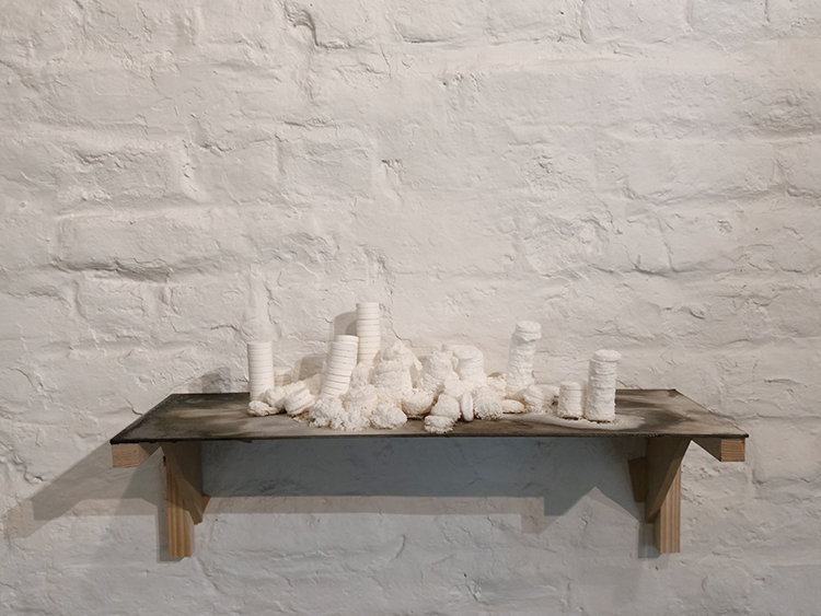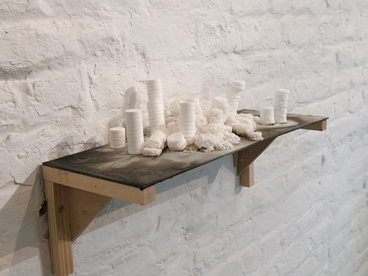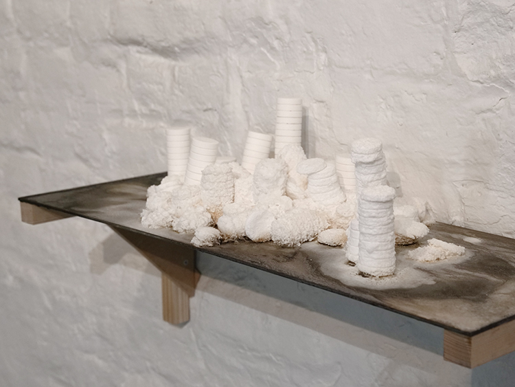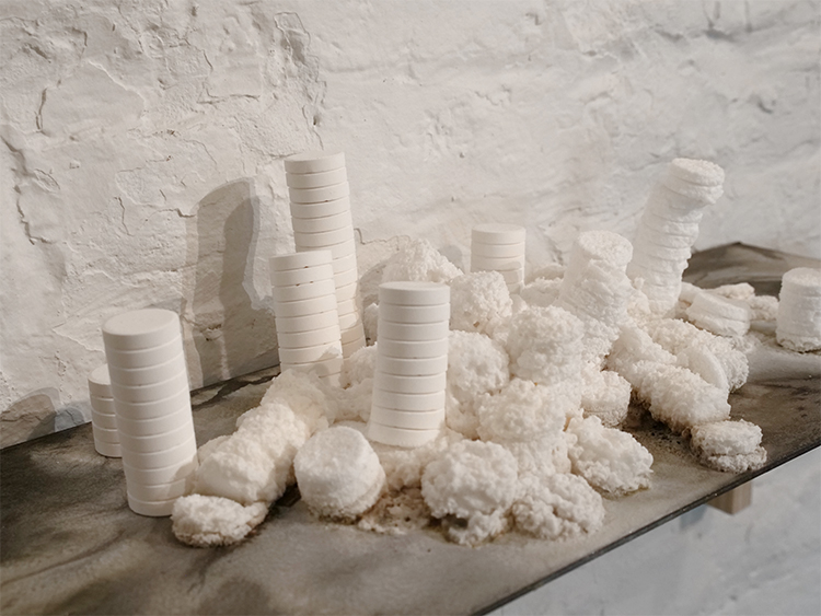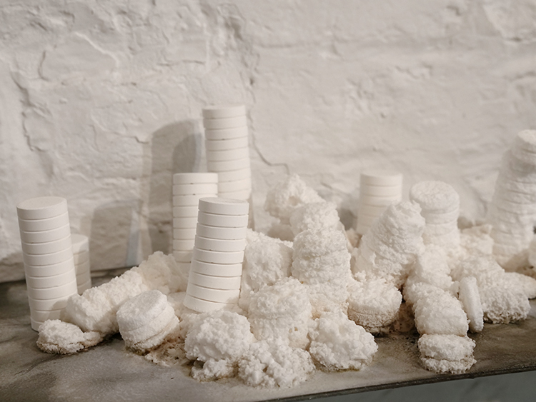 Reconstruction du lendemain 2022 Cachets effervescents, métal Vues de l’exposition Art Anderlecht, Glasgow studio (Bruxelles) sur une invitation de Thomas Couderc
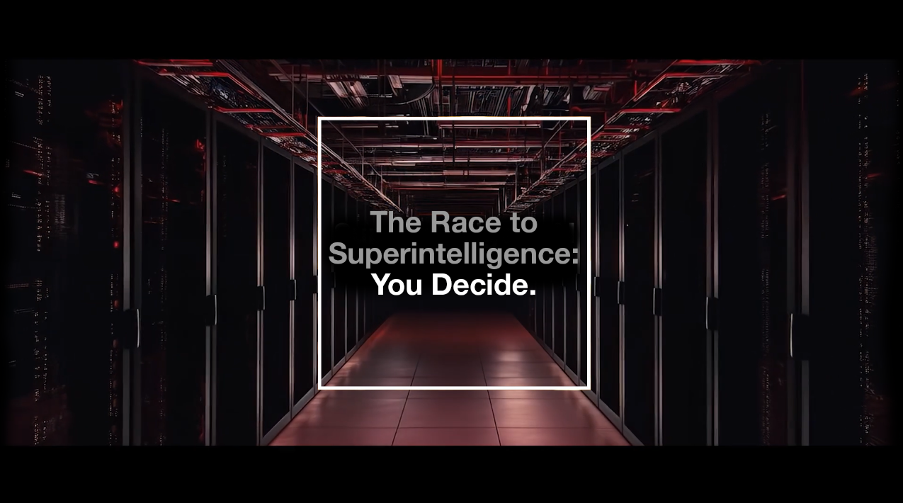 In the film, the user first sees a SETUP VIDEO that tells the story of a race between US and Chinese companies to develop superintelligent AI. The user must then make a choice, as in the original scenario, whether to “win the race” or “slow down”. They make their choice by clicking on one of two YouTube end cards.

* * *

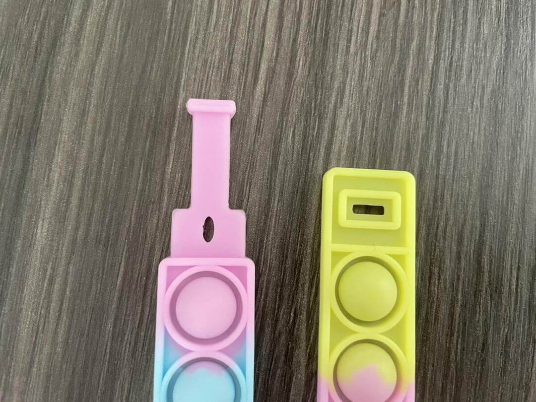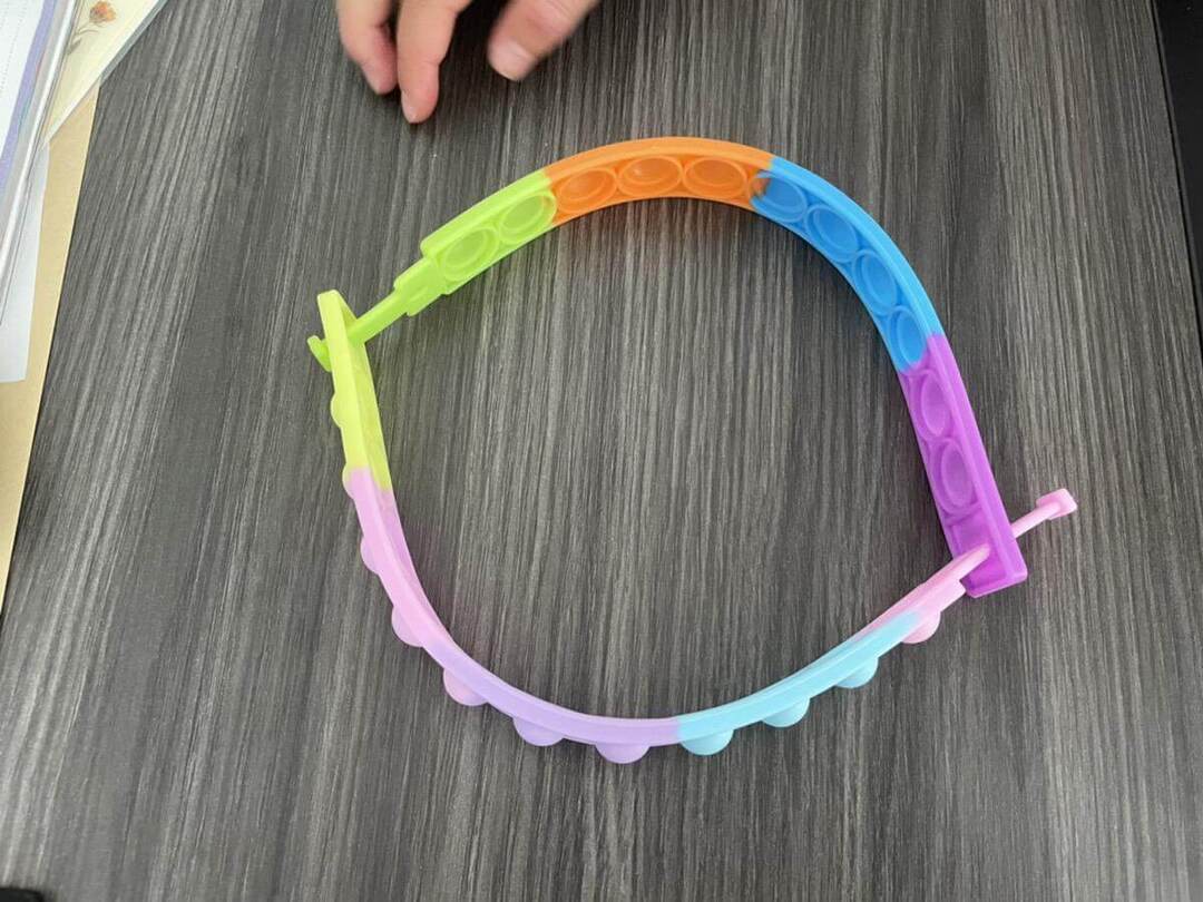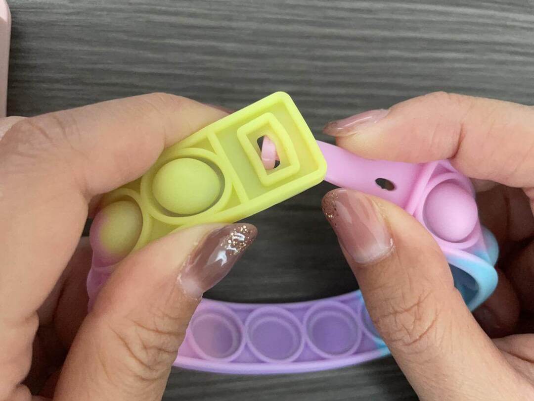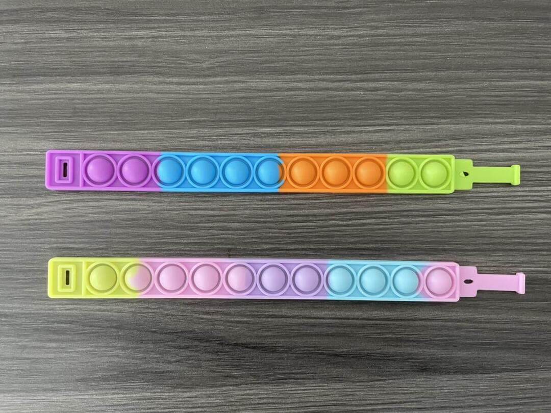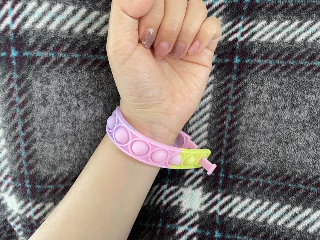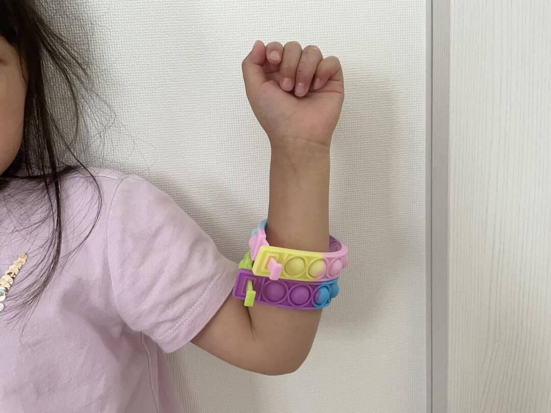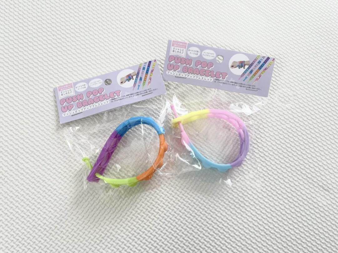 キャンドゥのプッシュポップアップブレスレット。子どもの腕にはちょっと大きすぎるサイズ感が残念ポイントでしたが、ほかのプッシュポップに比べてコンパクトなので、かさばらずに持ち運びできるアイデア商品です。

• What is expected: Could you transcribe exactly the entries above, but only the lines from the one with "Reconstruction du lendemain" through the one with "In the film, the", and without pictures?

• Result for this exercise:
 Reconstruction du lendemain 2022 Cachets effervescents, métal Vues de l’exposition Art Anderlecht, Glasgow studio (Bruxelles) sur une invitation de Thomas Couderc
 In the film, the user first sees a SETUP VIDEO that tells the story of a race between US and Chinese companies to develop superintelligent AI. The user must then make a choice, as in the original scenario, whether to “win the race” or “slow down”. They make their choice by clicking on one of two YouTube end cards.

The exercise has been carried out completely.